About this task:
When the line containing "Product Name: Novance" appears in the data below, begin copying there and stop only after the line containing "ORTAZAMAN TÜRK HUKUKÎ".

Available records:
+++

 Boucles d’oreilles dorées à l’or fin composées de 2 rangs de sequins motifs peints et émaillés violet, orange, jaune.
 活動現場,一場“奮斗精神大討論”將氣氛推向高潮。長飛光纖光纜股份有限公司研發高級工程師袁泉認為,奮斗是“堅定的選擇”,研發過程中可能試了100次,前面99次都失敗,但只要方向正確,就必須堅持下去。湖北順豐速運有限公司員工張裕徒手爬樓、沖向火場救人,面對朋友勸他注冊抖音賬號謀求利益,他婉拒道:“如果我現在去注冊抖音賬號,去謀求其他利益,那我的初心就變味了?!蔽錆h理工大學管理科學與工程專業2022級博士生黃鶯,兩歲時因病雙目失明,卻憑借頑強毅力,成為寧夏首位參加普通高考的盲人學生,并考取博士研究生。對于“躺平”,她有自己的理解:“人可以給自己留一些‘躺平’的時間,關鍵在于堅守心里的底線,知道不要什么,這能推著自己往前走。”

+++

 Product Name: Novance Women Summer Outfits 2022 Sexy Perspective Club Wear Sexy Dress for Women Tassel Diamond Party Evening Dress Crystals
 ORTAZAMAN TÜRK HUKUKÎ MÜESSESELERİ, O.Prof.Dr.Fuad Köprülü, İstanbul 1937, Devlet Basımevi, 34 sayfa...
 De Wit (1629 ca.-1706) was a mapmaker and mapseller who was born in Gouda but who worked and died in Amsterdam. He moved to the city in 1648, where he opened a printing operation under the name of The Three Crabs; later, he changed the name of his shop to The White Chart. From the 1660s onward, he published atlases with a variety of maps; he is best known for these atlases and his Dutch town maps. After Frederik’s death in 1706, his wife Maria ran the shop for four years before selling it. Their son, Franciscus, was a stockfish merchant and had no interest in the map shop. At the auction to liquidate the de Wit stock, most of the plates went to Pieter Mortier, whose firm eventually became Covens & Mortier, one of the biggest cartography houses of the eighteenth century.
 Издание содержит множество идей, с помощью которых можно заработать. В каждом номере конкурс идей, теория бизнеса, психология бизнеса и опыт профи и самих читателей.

+++

Written answer:
 Product Name: Novance Women Summer Outfits 2022 Sexy Perspective Club Wear Sexy Dress for Women Tassel Diamond Party Evening Dress Crystals
 ORTAZAMAN TÜRK HUKUKÎ MÜESSESELERİ, O.Prof.Dr.Fuad Köprülü, İstanbul 1937, Devlet Basımevi, 34 sayfa...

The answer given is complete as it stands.